What are the best sources of Vitamin C? Some fruits and vegetables are very high in the amount of Vitamin C they contain. Look at the list below and knowing from the table above what your RDI is, work out how best you can get your Vitamin C as well as the other members of your family. What can you pack for snacks in the lunch box that will satisfy the munchies, appeal to their tastes, ensure the RDI of Vitamin C (and other Vitamins too!) and not break the bank?
Vitamin C is destroyed in cooking, so raw is better or stir-fry or steam.
Vegetables | Amount | Vitamin C mg | Fruit | Amount | Vitamin C mg |
Red bell pepper | 1 C | 300 | Kiwi | 1 | 150 |
Green bell pepper | 1 C | 150 | Guava | 1 | 120 |
Broccoli, raw | ½ C | 60 | Strawberries | 1 C | 80 |
Brussels Sprouts | ½ C | 50 | Pineapple | 1 C | 80 |
Cauliflower | 1 C | 45 | Orange | 1 | 80 |
Peas | 1 C | 20 | Mango | 1 C | 45 |
Check what other foods contain Vitamin C by doing your own research. Find out which food high in Vitamin C also provides many of your other daily nutritional needs. Be proactive and think smart! Clue: check out the kiwi!

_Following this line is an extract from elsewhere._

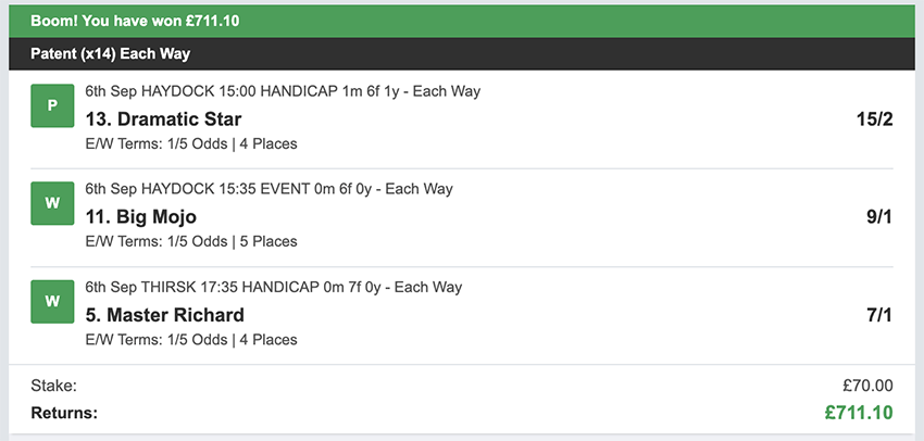 Profit/Loss +£641.10 7th September No Bets on Sundays 8th September
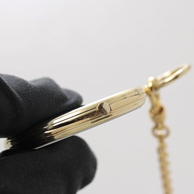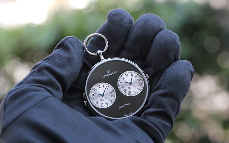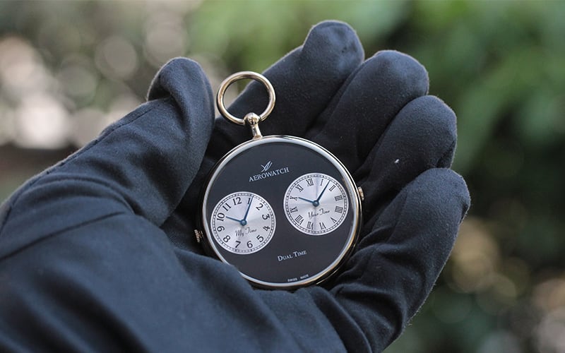 二つの時間を同時に表示するデュアルタイム懐中時計。外国にいらっしゃる場合など、相手先の時刻に合わせておくと連絡の際にいろいろと便利になります。

A single lemon provides approximately 45mg of Vitamin C if you can manage to eat one whole! If not, try squeezing the juice into a glass of plain water and drinking that. It is a great refreshing drink at any time!
Just remember that too much Vitamin C can also cause problems such as diarrhoea, nausea and stomach cramps. So, as the saying goes, everything in moderation.
What about the organic versus non-organic sources? There is no evidence to suggest that organic foods are a better source. But by buying good quality non-organic fruit and vegetables it may help the budget go further. You just may be able to enjoy some of those exotic fruits. Have you ever tried a gold kiwi? They are much sweeter than the green ones and still high in Vitamin C!
So, don’t be ‘time poor’ and make sure that you get your RDI of all the vitamins and minerals that your body needs. If your diet consists of food from all the colours of the rainbow and good sources of protein, then it is highly likely that you will maintain good health. Just eat sensibly to maintain a good weight.